Q5_K_M: 5.3 bits per weight. About 33% of the original size. Near-lossless — degradation is essentially undetectable.
Q8_0: 8.5 bits per weight. About 53% of the original size. Virtually indistinguishable from full FP16.

The “K” stands for importance-weighted quantization — it allocates more bits to layers that matter more for output quality.

Quality vs Size

On perplexity benchmarks for a 7B model (lower is better, FP16 = 5.47):

Q8_0: 5.48 — virtually identical
Q6_K: 5.49
Q5_K_M: 5.51
Q4_K_M: 5.59 — ~2% degradation
Q3_K_M: 5.92 — 8% degradation, noticeable on reasoning
Q2_K: 7.19 — 31% degradation

The knee in the quality curve is at Q4_K_M. Below that, quality drops faster than size improves. Above that, diminishing returns.

Choosing the Right Quant

Practical formula: (parameters × bits per weight) / 8 + 2 GB overhead.

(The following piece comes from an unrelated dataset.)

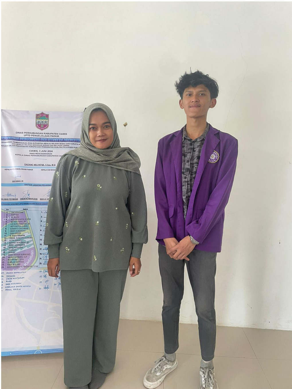
Gambar 4 Dokumentasi penelitian di Dinas Perhubungan Kabupaten Ciamis UPTD pengelolaan parkir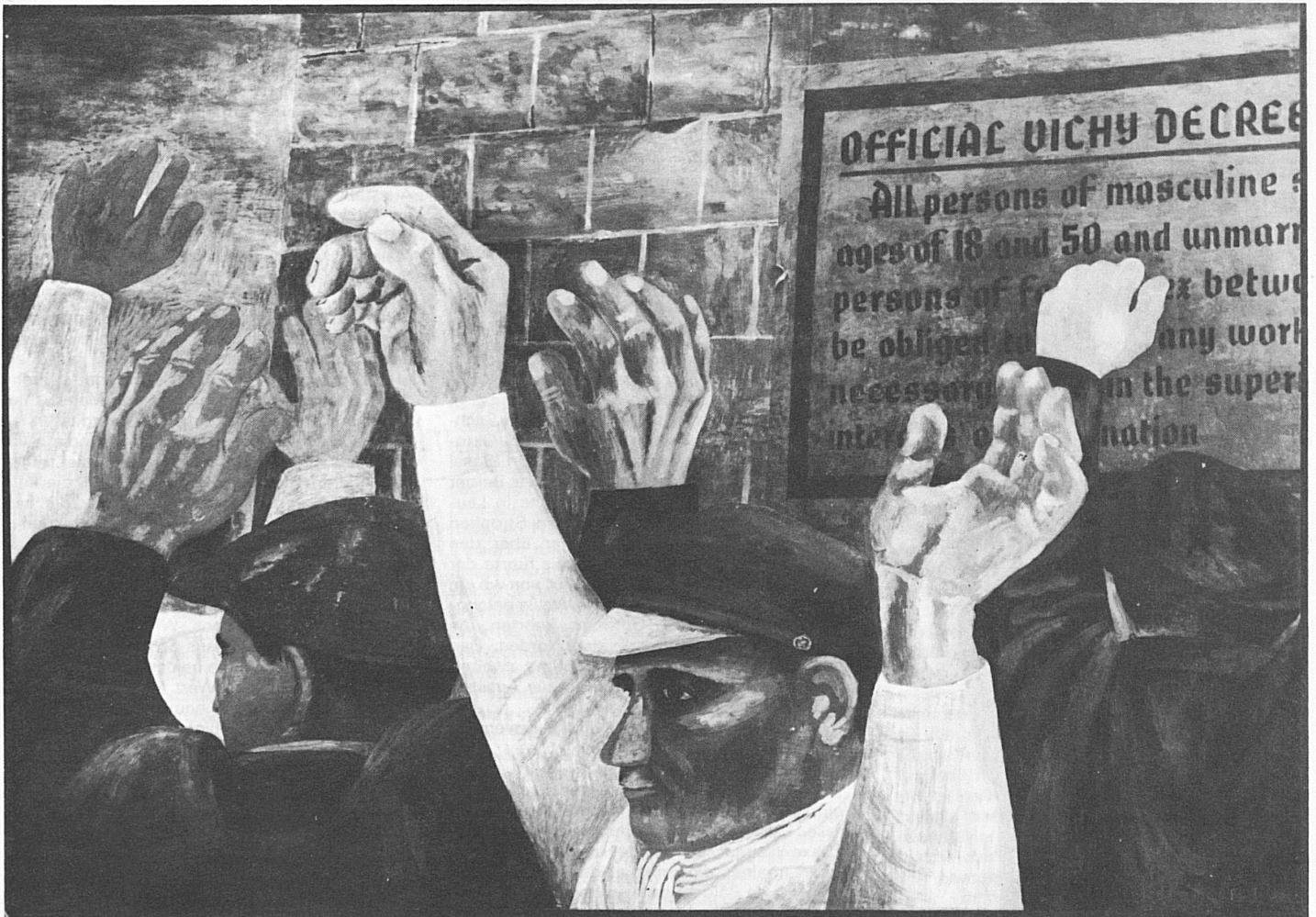
Ben Shahn: Französische Arbeiter, 1942

Bridge", which was looked on as the "Eiffel Tower of New York". The works of Charles Demuth and Charles Sheeler portray sober reality to the exclusion of humanity, in which American industrial worlds appear as pictorial items in purist form. Edward Hopper illustrates everyday items, such as a woodland filling station in the evening or a half-empty cinema, while Ben Shahn and Ivan Albright gave expression to social critiques. Pictures by the young Willem de Kooning and Mark Tobey testify to the beginnings of Tachism. The exhibition in Zurich has been considerably enlarged by the compilation of more than 300 pictures by the 40 most famous American photographers (Alfred Stieglitz, Edward Weston, Paul Strand, Ansel Adams, Imogen Cunningham and others). Reproductions of reality in various aesthetic manifestations illustrate contemporary history and personalities of that decade (Greta Garbo, Rudolph Valentino, Gloria Swanson). 20 exclusive models of American haute couture from the collection of the New York Metropolitan Museum can also be seen for the first time in Europe. In conjunction with the exhibition, ten American films are to be shown in the lecture room of the Art Gallery during the period from October 19 to 28. These will include "Mr. Deeds goes to Town" (Frank Capra, 1936), "Angel" (Ernst Lubitsch, 1937), "Stagecoach" (John Ford, 1939) and "Rebecca" (Alfred Hitchcock, 1940). Until October 28

Q4_K_M is your default — best quality-to-size ratio
Go lower (Q3/Q2) only if your hardware forces you
Go higher (Q5/Q6) if you have VRAM headroom
Never use Q2 for math or reasoning

Memory bandwidth matters more than raw compute. A 4090 loads models at ~1 TB/s. CPU RAM runs at ~50 GB/s. The same quantized model runs 20x faster on GPU.

Bottom Line

Quantization is the unsung hero of local AI. It took models that required datacenter hardware and made them run on laptops. Built by the open source community — Georgi Gerganov’s llama.cpp, the GGUF format, the K-quant system. Without it, running AI at home wouldn’t exist.

And the best part: for most use cases, you can’t tell the difference.